- Born: Ronald Macdonald Hutchison 4 July 1872 Lambeth, London, England
- Died: 14 February 1940 (aged 67) Northolt, Middlesex, England
- Occupation: Comedian
- Years active: 1890s–1940

= Harry Tate =

English comedian (1872–1940)

Ronald Macdonald Hutchison (4 July 1872 – 14 February 1940), professionally known as Harry Tate, was an English comedian, who performed in the music halls, variety shows and films.

==Career==

Born in Lambeth, the son of a Scottish tea merchant, he worked as a clerk for the sugar refiners, Henry Tate & Sons, and also performed at evening smoking concerts. At Marie Lloyd's suggestion, he took his stage name from that of the company for which he worked. He made his professional stage debut at the Oxford Music Hall in 1895, and at first was known for his mimicry of performers such as Dan Leno, R. G. Knowles, George Robey, and Eugene Stratton.

Greater success came with his comedy sketch, "Motoring", which he introduced in 1902 and in which he played the part of a new car owner trying to repair it. He soon decided to abandon mimicry and concentrate on sketches, most of which he wrote with Wal Pink. His other sketches included "Running an Office", "Selling a Car", "Billiards", and "Fishing". Tate's sketches "presented him as a blustering - if basically good-humoured - incompetent, convinced that he was in charge of the situation, but never failing to increase the chaos which surrounded him." He toured with a company of six performers, at first including Tom Tweedly and Harry Beasley. He also appeared in West End revues, and appeared in four Royal Variety Performances, in 1912, 1919, 1925, and 1938.

He wore a false moustache, which he could use to express all kinds of emotion by twitching or moving it. Several catch phrases he used became popular in Britain in the twentieth century, including "Good-bye-ee!", which inspired the popular First World War song written by Weston and Lee; "How's your father?", which Tate used as an escape clause when his character was unable to think of an answer to a question; and "I don't think", used as an ironic postscript, as in "He's a nice chap – I don't think".

Historian and writer Roger Wilmut described Tate as "the greatest of all the pre-Second World War sketch comics, and one of the few artists from before 1914 to be able to maintain his popularity in Variety right through the inter-war period". By the 1930s, the costs of touring with a company became too great, and Tate performed sketches with his son, Ronnie (1902-1982).

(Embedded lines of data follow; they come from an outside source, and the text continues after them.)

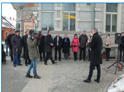
Otevření Masarykovy ulice 26.01.2015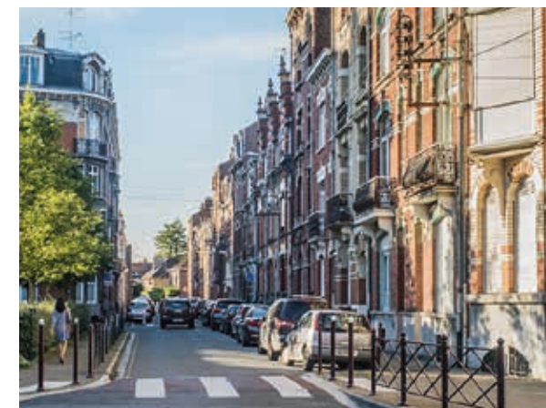
Des rues élégantes bordées de belles demeures à l'architecture flamande

Toute proche des gares de Lille Flandres, Lille Europe et de l'aéroport de Lille-Lesquin, la Madeleine est desservie par le TER, le bus, le tramway ainsi que par les autoroutes A1 et A25 via le périphérique lillois. Ce remarquable réseau de communication offre à la ville une attractivité grandissante, la plaçant à la fois au cœur de la métropole lilloise et au centre des échanges européens. Aux portes de la ville, le quartier d'affaires d'Euralille avec ses tours futuristes abrite la gare internationale et un des plus grands centres commerciaux de France avec plus de 120 boutiques.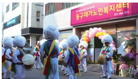
풍물단 거리 행진 「동구노인종합복지관 풍물단」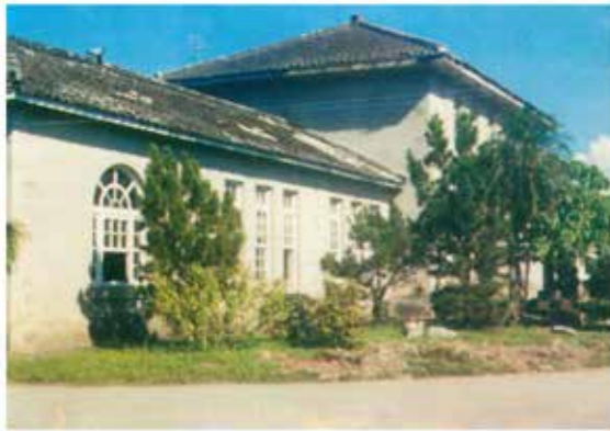
光復初期的行政大樓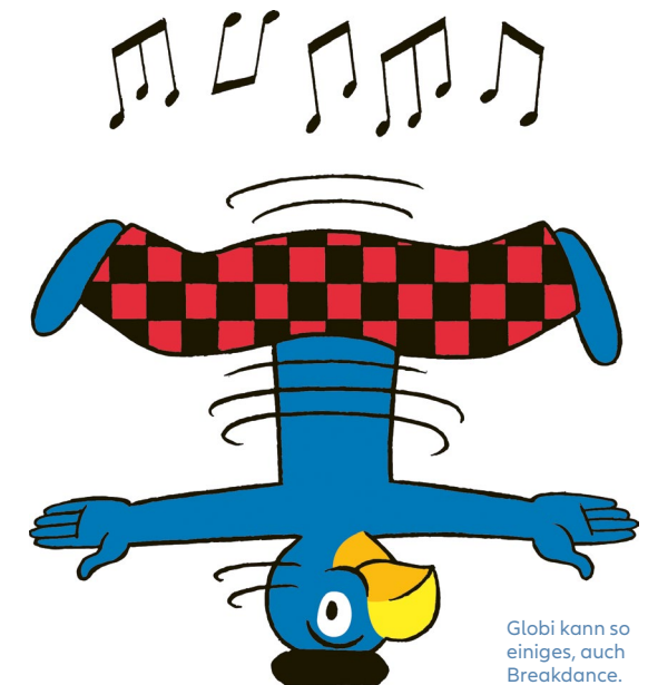
Globi kann so einiges, auch Breakdance.

Director für die Werbung und später für Magazine neben dem Illustrieren auch fotografiert – und zwar nicht nur Mode. Ich möchte gerne noch nach Amerika. Das Leben dort stelle ich mir vor wie in den amerikanischen Filmen. Vielleicht besuche ich mal meinen Enkel, der bald in Pasadena (Kalifornien) Animation und Game Design studiert.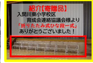
紹介(寄贈品) 入間川東小学校区 育成会連絡協議会様より 「折りたたみ式ひな段一式」 ありがとうございました！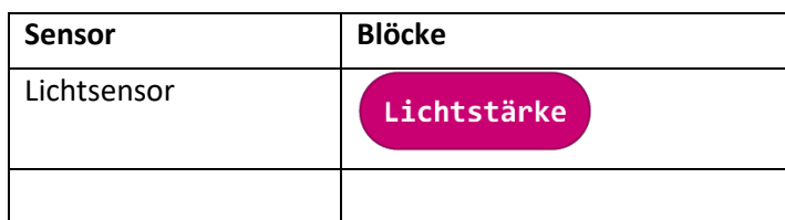
Abbildung 3: Tabelle für eine Übersicht der Sensoren des Calliope

Aufgabe 6: Erkunde welche Sensoren der Calliope noch besitzt, welche Blöcke im Bereich Eingaben dazu jeweils zur Verfügung stehen und welche Werte die Sensoren liefern. Lege eine Tabelle wie in Abbildung 3 an und vervollständige sie.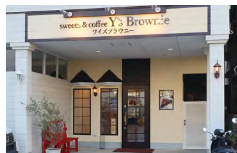
▲外観（手作りの赤いベンチが目印）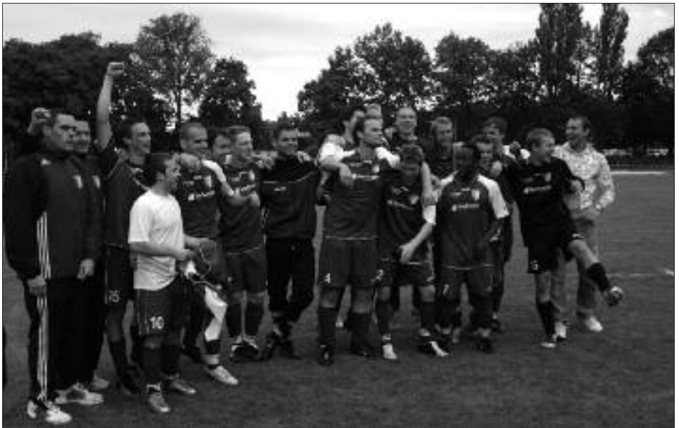
Kreispokalsieger 2008/2009: Potsdamer Kickers 94 II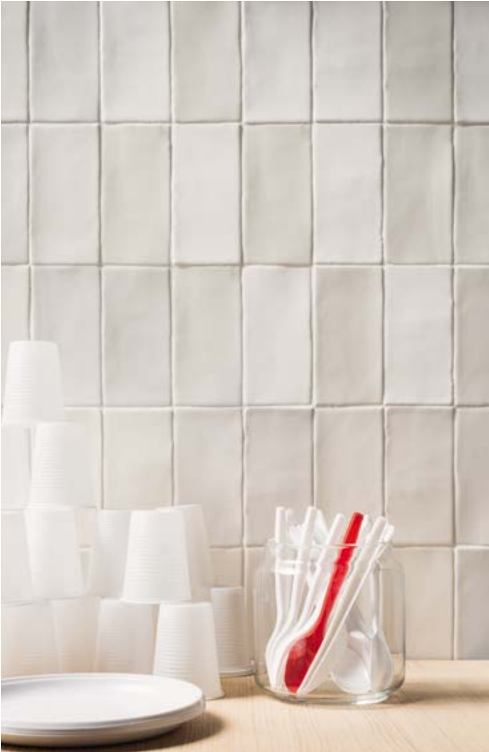
HOPS MATTE BIANCO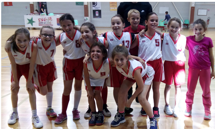
MIRANDE Basket Un tournoi Gilles Escudé

Le Basket Club Mirandais organise le 28 avril le premier tournoi Gilles Escudé destiné aux catégories poussines et poussins.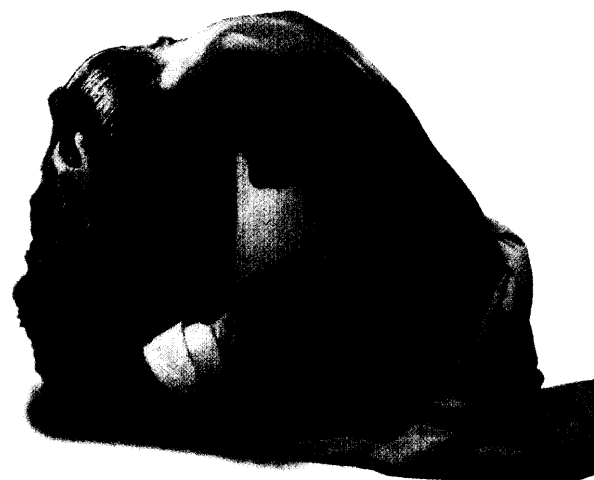
Waves of hairspray reformulations Die neue Welle der Haarspray- Formulierungen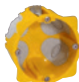
0 800 21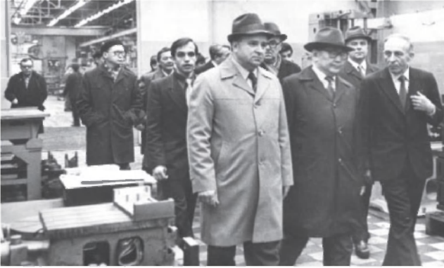
Визит делегации Казахстана на Ульяновский автомобильный завод. 20 апреля 1981 г.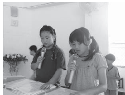
▲ 兩位可愛的主持人。

在步入會場途中，悠揚的樂音環繞整個園區，蘊含詞意，絲絲入扣，憾動大伙的心。剎那間，耳朵成了靈魂與天地宇宙溝通的唯一管道。如此純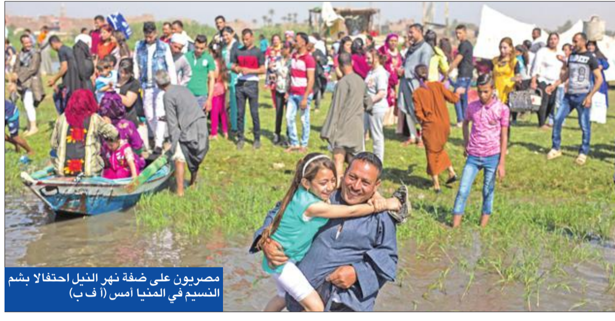
مصريون على ضفة نهر النيل احتفالاً بشم النسيم في المنيا أمس (أ ف ب)

● عد عكسي لعودة الروس ● انتخابات «عمالية» الشهر المقبل ● انتهاء «أعمال ماسبيرو» في أسبوعين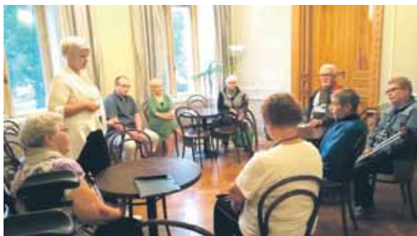
Vammaisten lähetystö Porin kaupungin luottamushenkilöjohdon juttusilla.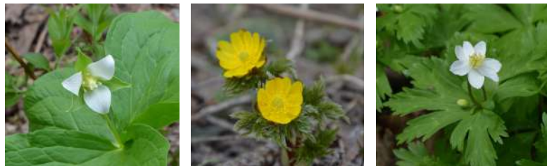
ミヤマエンレイソウ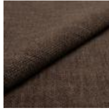
Nowa 33L4 Nutmeg 1024303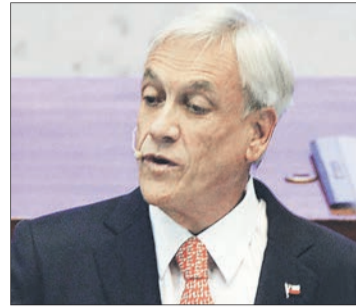
José Antonio Kast, candidato presidencial independiente.

"Haber participado en el gobierno militar no es un pecado. Si haber tenido poder para evitar atropellos (y no haberlo hecho)".

Tate was a member of the Grand Order of Water Rats charity, serving as "King Rat" in 1911. He was also a keen motorist. The earliest known celebrity personalised number plate was T 8, owned by Tate

In February 1940 Tate suffered a stroke and died, aged 67, shortly after. While in bed after his stroke he told reporters that he had been injured during an air raid, and because they failed to realise that he was joking this is often given as the cause of his death. He is buried at St Mary's, Northolt. For a time, his son Ronnie continued the act as "Harry Tate Jr.".

==Selected filmography ==
- Her First Affaire (1932)
- My Lucky Star (1933)
- Counsel's Opinion (1933)
- Happy (1934)
- I Spy (1934)
- Midshipman Easy (1935)
- Look Up and Laugh (1935)
- Hyde Park Corner (1935)
- Keep Your Seats, Please (1936)
- Soft Lights and Sweet Music (1936)
- Variety Parade (1936)
- Wings of the Morning (1937)
- Take a Chance (1937)

==Slang usage==
The term "Harry Tate" entered twentieth-century English as a form of cockney rhyming slang, initially meaning "late", because of Tate's comedic routines about automotive troubles. Around mid-1915, "Harry Tate" began to serve as slang for "plate". When the Royal Aircraft Factory R.E.8 biplane was introduced in late 1916 and 1917, the "R.E.8" designation spoken aloud was observed to sound similar to Tate's name, so the fliers nicknamed the aeroplane "Harry Tate". After the war, "Harry Tate" settled into a meaning of "state" in cockney rhyming slang. His name was also used in the nickname of the Royal Naval Patrol Service, Harry Tate's Navy.